* **Collected material**:

********************

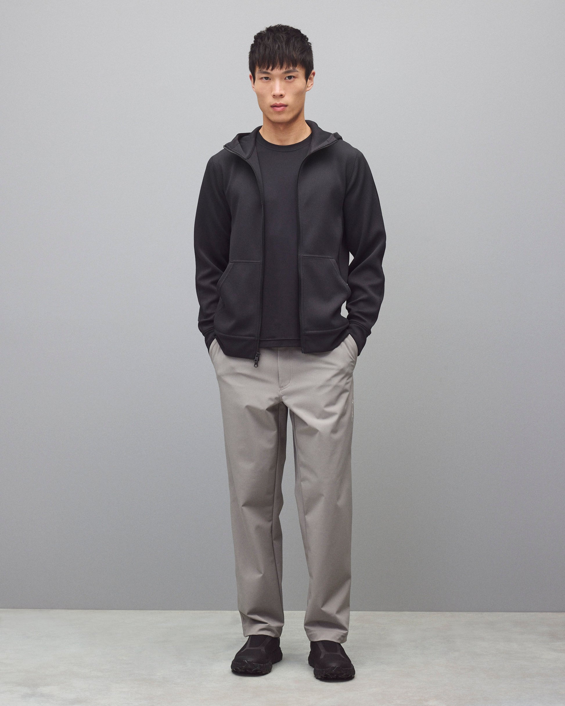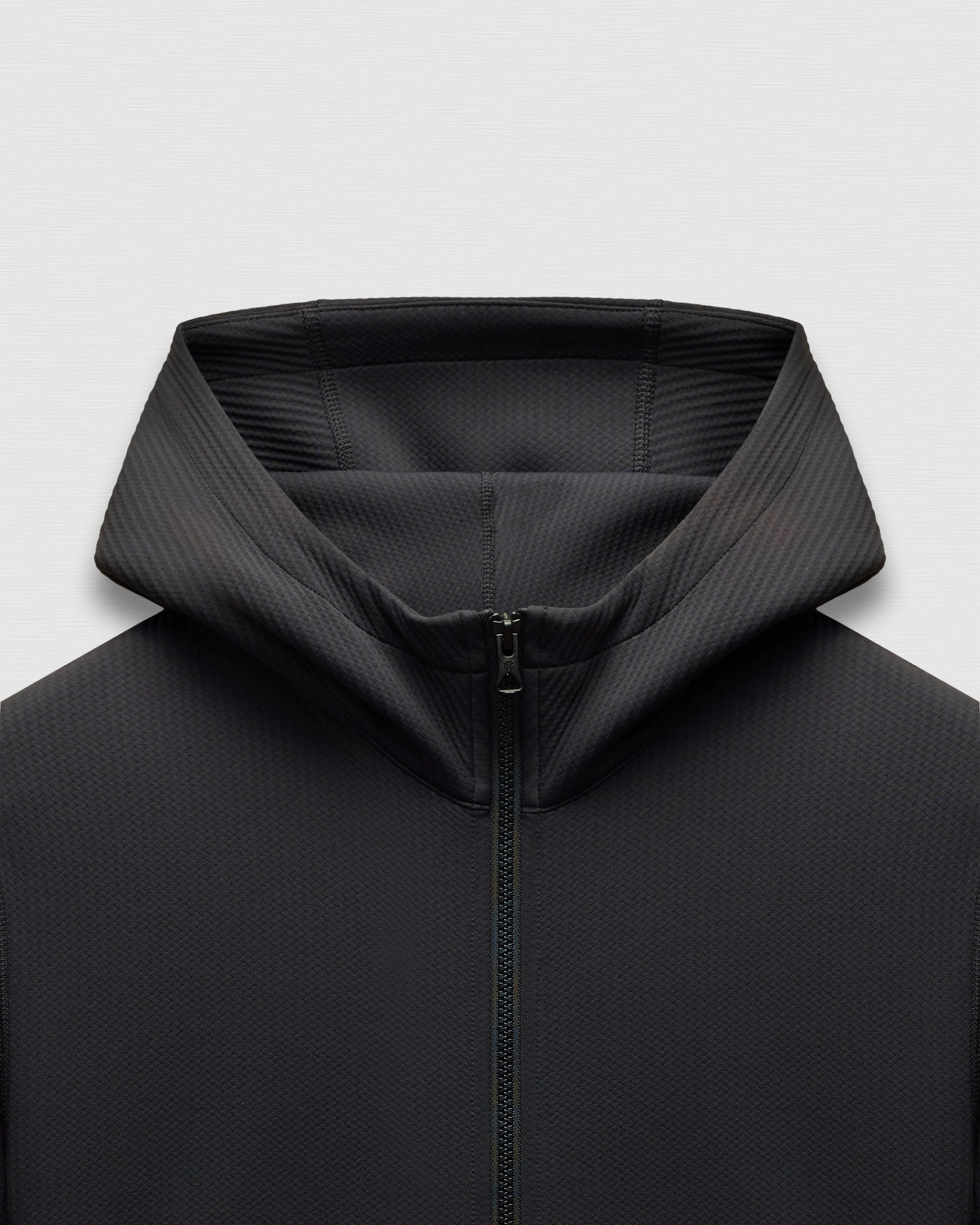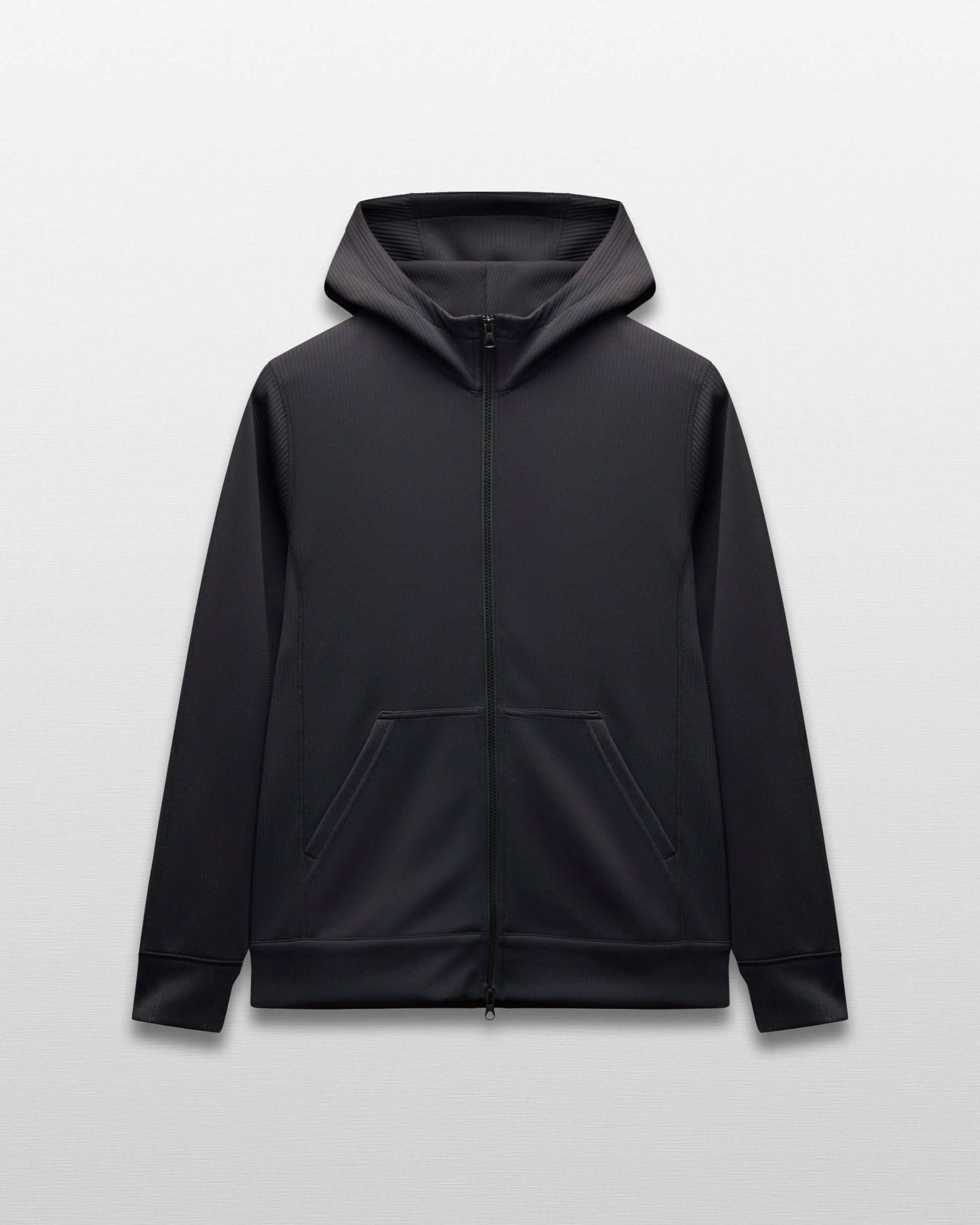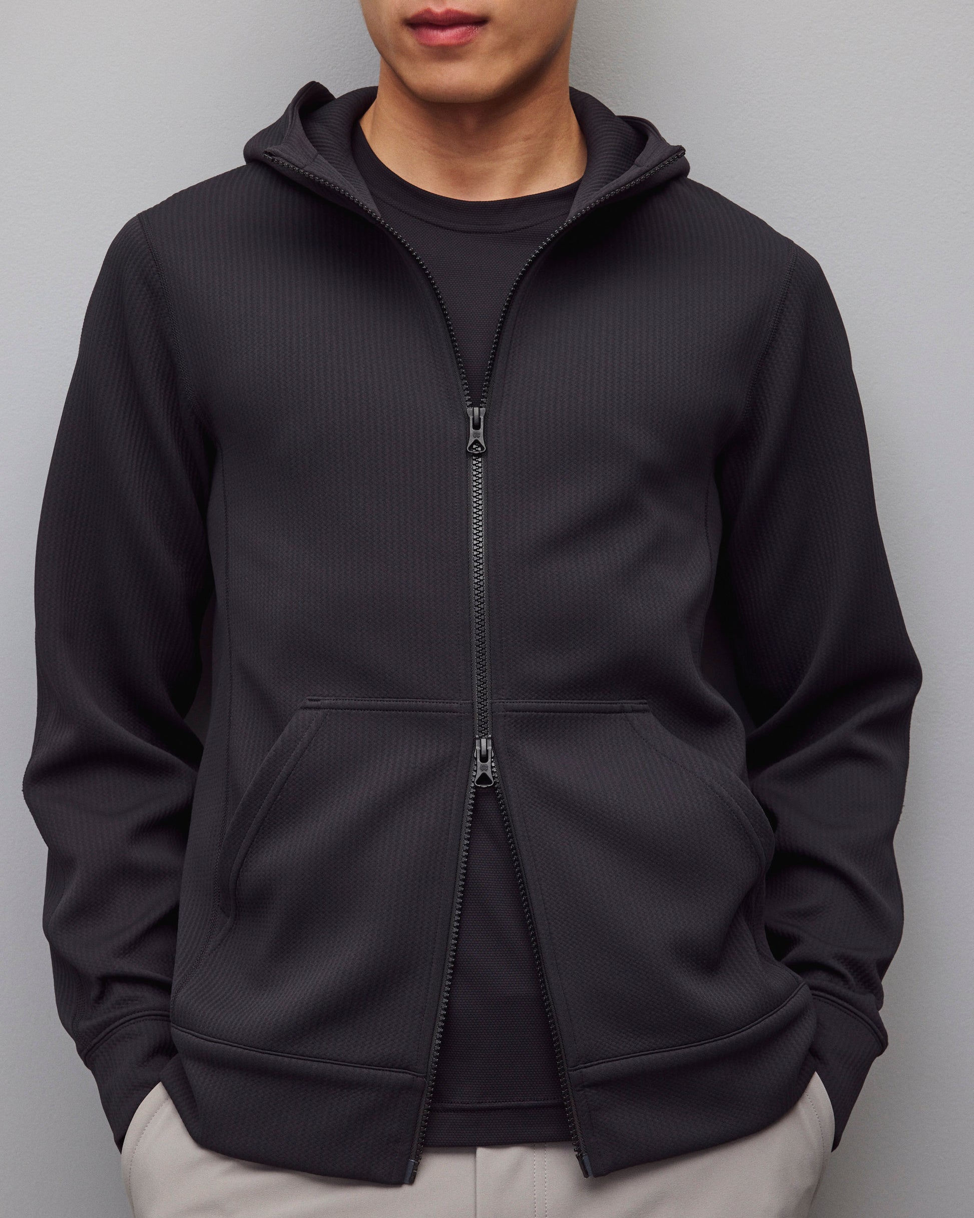 A dual-knit zip hoodie engineered to provide efficient warmth in cooler conditions. This double knit stretch fabric features a textured face and smooth reverse, for exceptional next-to-skin comfort. Constructed in a trim athletic fit, with a 2-layer hood, YKK Vislon two-way zip closure, front patch pockets, and self-fabric cuffs and hem.
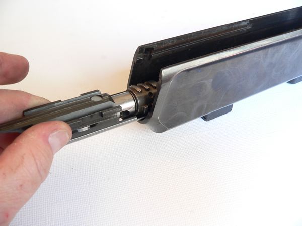 26.- Sólo haciendo coincidir riel del pistón con la espiga guía conseguiremos que el pistón se mueva atrás OJO a esto que es básico e imprescindible para el funcionamiento efectivo y seguro del rifle.
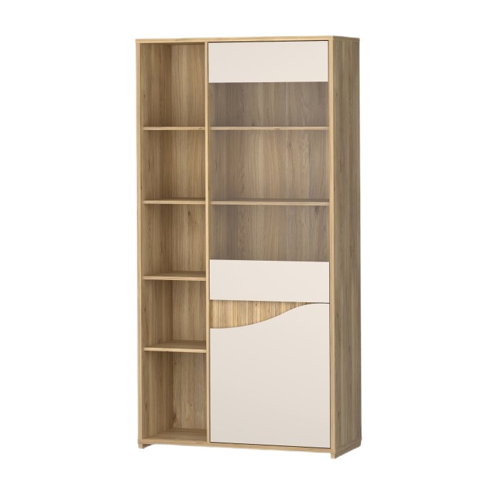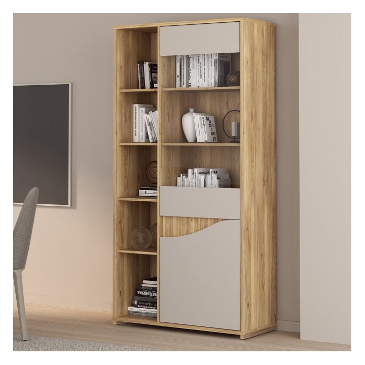 Witryna Poem o szerokości 99,5 cm, wysokości 196,6 cm oraz głębokości 42 cm bazuje na dominującym odcieniu dębu mauvella, który zestawiono z frontami posiadającymi kaszmirowe akcenty. Naturalna kolorystyka wprowadza do pomieszczenia spokojną atmosferę, pozwalając na łatwe dopasowanie mebla do pozostałych elementów wyposażenia pokoju dziennego.

********************

* **Problem**: When you copy the data, keep every line exact and drop the pictures.

* **The answer**:
 A dual-knit zip hoodie engineered to provide efficient warmth in cooler conditions. This double knit stretch fabric features a textured face and smooth reverse, for exceptional next-to-skin comfort. Constructed in a trim athletic fit, with a 2-layer hood, YKK Vislon two-way zip closure, front patch pockets, and self-fabric cuffs and hem.
 26.- Sólo haciendo coincidir riel del pistón con la espiga guía conseguiremos que el pistón se mueva atrás OJO a esto que es básico e imprescindible para el funcionamiento efectivo y seguro del rifle.
 Witryna Poem o szerokości 99,5 cm, wysokości 196,6 cm oraz głębokości 42 cm bazuje na dominującym odcieniu dębu mauvella, który zestawiono z frontami posiadającymi kaszmirowe akcenty. Naturalna kolorystyka wprowadza do pomieszczenia spokojną atmosferę, pozwalając na łatwe dopasowanie mebla do pozostałych elementów wyposażenia pokoju dziennego.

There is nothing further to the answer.